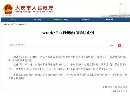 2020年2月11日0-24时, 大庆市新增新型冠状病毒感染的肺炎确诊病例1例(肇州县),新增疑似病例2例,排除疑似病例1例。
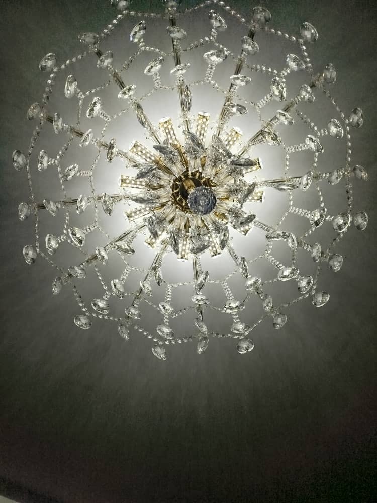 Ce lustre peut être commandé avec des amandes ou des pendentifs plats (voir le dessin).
--
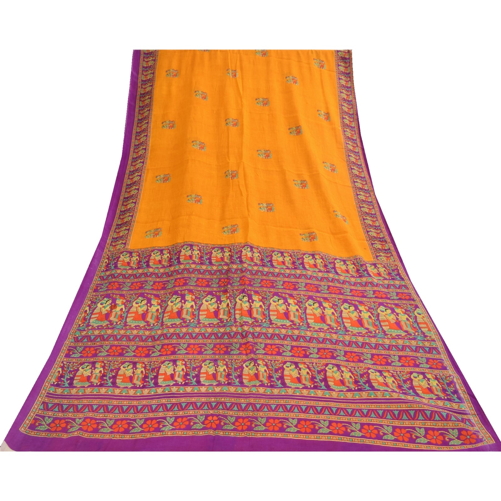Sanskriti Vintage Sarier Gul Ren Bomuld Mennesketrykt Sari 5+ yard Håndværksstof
--
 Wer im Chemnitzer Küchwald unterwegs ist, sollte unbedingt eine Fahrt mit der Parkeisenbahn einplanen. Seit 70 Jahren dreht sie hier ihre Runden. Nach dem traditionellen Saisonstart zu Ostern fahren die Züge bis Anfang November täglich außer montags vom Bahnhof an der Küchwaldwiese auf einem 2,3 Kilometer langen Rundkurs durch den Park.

YOUR ASSIGNMENT →
Print nothing but the lines above starting with the line that contains "2020年2月11日0-24" and going on through the line that contains "Ce lustre peut". Leave out the pictures.

RESULT FOR THIS EXERCISE →
 2020年2月11日0-24时, 大庆市新增新型冠状病毒感染的肺炎确诊病例1例(肇州县),新增疑似病例2例,排除疑似病例1例。
 Ce lustre peut être commandé avec des amandes ou des pendentifs plats (voir le dessin).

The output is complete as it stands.